There is something I have been thinking about lately that youngin’s just starting out don’t consider. When you’re dating it’s a game to you. You think you have this hot little momma on the line, but the truth of the matter is she has YOU on the line. There is something you’re not considering. I’m going to refer to it as the “hook, line, and sinker.” Now anyone who has ever been fishing, or is an avid watcher of “Sponge Bob Square Pants” knows that “hook, line, and sinker” is a fishing reference. But in this case it has nothing to do with ripping an unsuspecting fish from the water and having it flop around on the deck of a boat.
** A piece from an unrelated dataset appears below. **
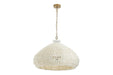 The Lilo combines a classic shape with unique natural materials. The shallow but wide bell-shaped silhouette of the shade is constructed of varied white wooden beads neatly housing three bulbs, and suspended by an antique brass iron chain. Rustic yet modern, the unique, low-profile construction delivers tons of texture. A wide disc-shaped finial tops the shade as a matching textural accent. Finish will vary. Additional chain available (CHN-247).
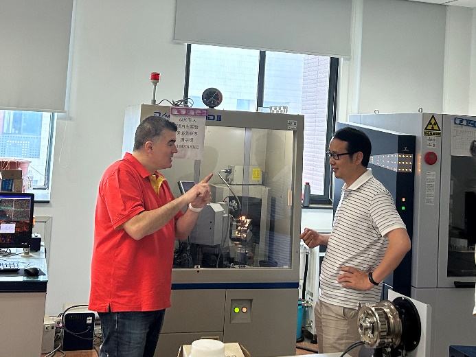 Prof. Nestola exchanged views about X-ray diffraction technology with Prof. Li Weiqiang

Oh no. In this case it is referring to what your spouse has attached to her (or him, as the case may be). Oh, yes. I’m referring to “The in-laws.”
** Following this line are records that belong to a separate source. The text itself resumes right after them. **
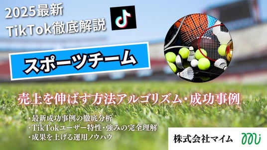株式会社マイム(本社:東京都品川区、代表取締役社長:古川 湧一、以下「当社」)は、スポーツチームの皆様を対象に「2025年版TikTokトレンドレポート」を公開いたしました。本レポートは、TikTokを活用した最先端のプロモーション事例や成功パターン、そして結果に直結する戦略的な運用ノウハウを一冊に集約。
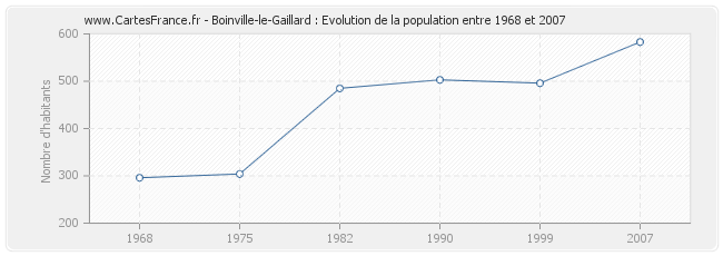 La population de Boinville-le-Gaillard était de 583 habitants en 2007, 496 habitants en 1999, 503 habitants en 1990, 485 habitants en 1982, 304 habitants en 1975 et 296 habitants en 1968.
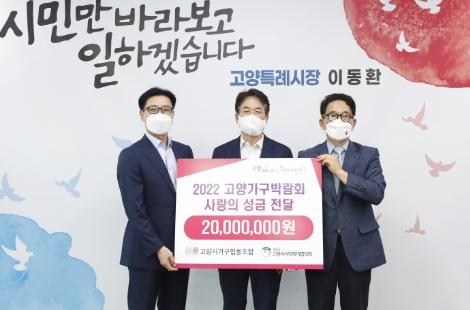 고양특례시가 지난 10일 고양시청에서 ‘고양시가구협동조합 성금 전달식’을 가졌다. 이번 성금 전달은 2022 고양가구박람회 개최 지역환원사업의 일환으로 이루어졌다.
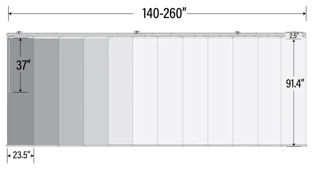 Central Design Products is pleased to introduce a new innovative panel track that offers easy 2-way installation, adding an alluring style and refined touch to your home decor. The double rail design of the track is sleek, compact, and reduces the overall footprint and weight of the installation, eliminating bulky, intrusive window treatments. Adjusting the panel height is a breeze � simply trim the panel, re-attach the liner, and install the panel weight. Detailed instructions are included.The panel track also features a patented slider design, made with aluminum and fitted with bearings that allow for durable and smooth operation. The sliders are stacked closer together than conventional panel tracks, reducing light bleed coming from the gaps between panels. This track has endless uses from dividing rooms, garages, offices, and closets to decorating windows and patios. Available in smaller sizes including 3, 4, 5, 6, and 7 panels. Extends from 140-260� wide. Each panel measures 23.5" wide and 91.5" tall, with a total installation height of 94" (includes the 2.5" rail track). The track can be wall or ceiling mounted. The panels can stack on the left or the right. The clearance from the wall is extendable from 1.25� to 3.25� and projection from the wall is extendable from 3� to 4.25�. Stormy panel is made from 100% Polyester, with a light filtering shade that blocks 70% of the light.

For YEARS I believed that the only difference between “In-laws” and “Out-laws” is people actually look for and “want” out-laws. I mean there are wanted posters in Post Offices for hell’s sake. You just don’t see posters for In-laws.
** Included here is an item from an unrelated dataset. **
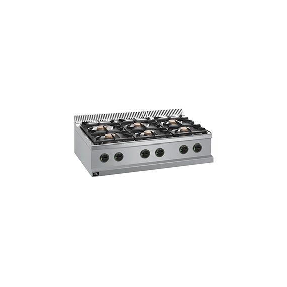 Газовая 6-конфорочная плита 700 серии APRG-117T предназначена для приготовления различных блюд в наплитной посуде.Столешница, вентиляционная решетка и передняя панель плиты выполнены из нержавеющей стали AISI 304, боковые и задняя панели - из нержавеющей стали AISI 430. Толщина металла 1 мм.Плита оснащена 6 съемными конфорками из эмалированного чугуна с латунной крышкой со стабилизатором пламени и защищенной пилотной горелкой. Мощность каждой конфорки 7 кВт. Поджиг пилотной горелки производится вручную.Предусмотрена отдельная чугунная решетка для каждой конфорки, размером 335х300 мм.Данная модель является настольной.Модель настроена на подключение к магистральному газу. Форсунки для подключения к баллонному газу в комплекте.Данную модель можно использовать как самостоятельно, так и в составе технологической линии.Общая газовая мощность плиты 42 кВт. Габариты 1100х700х250 мм.

Now before you get all “oooohhhhhh Danny’s gonna be in trouble” I want to tell you that I both love and appreciate my in-laws. They have quirks. I mean WOW do they have quirks. For years I thought they had all the cans in the six pack, they were just missing the little plastic thingy that holds them all together. But now I have accepted their shenanigans.
A few weeks ago the wife and I were invited over to my in-laws house for a dinner/game night. We played a game called “Things”. OHMIGOSH!!! It was so fun. And soooooo funny. I HIGHLY recommend purchasing it (we did.) The gist of the game (the word “gist” is a fancy way of saying “the point”) is you are asked a questions, you secretly write down your answer and then everyone tries to guess who wrote what.
One of the questions we were asked was something like, “Inappropriate titles for children’s books.” Because I have OCD I haven’t been able to turn off my brain and I’ve been kicking this around for the past few weeks. Here is a partial list of what I’ve came up with (these are the cleaner ones):
“The Little Engine who couldn’t because he is a worthless bum like your father”
“Duck Duck gets goosed”
“How to cope with being kidnapped –er-surprise adopted”
“Horton Hires a Ho”
“Do you want fries with that?: Not everyone gets to be an astronaut”
“Daddy drinks because you cry”
“One Fish, Two Fish, Red Fish, DEAD FISH”
“Shhhhhh monsters eat crying children”
“Harry Potter is taught to protect his wand from Hogswarts, when entering her Chamber of Secrets”
You know what? After reading over this list, I think I understand why my wife’s parents were apprehensive about me. I might be the one who is missing the little plastic thingy. I never looked at it that way. But ya know, that’s what you get when you swallow something “hook, line and sinker.”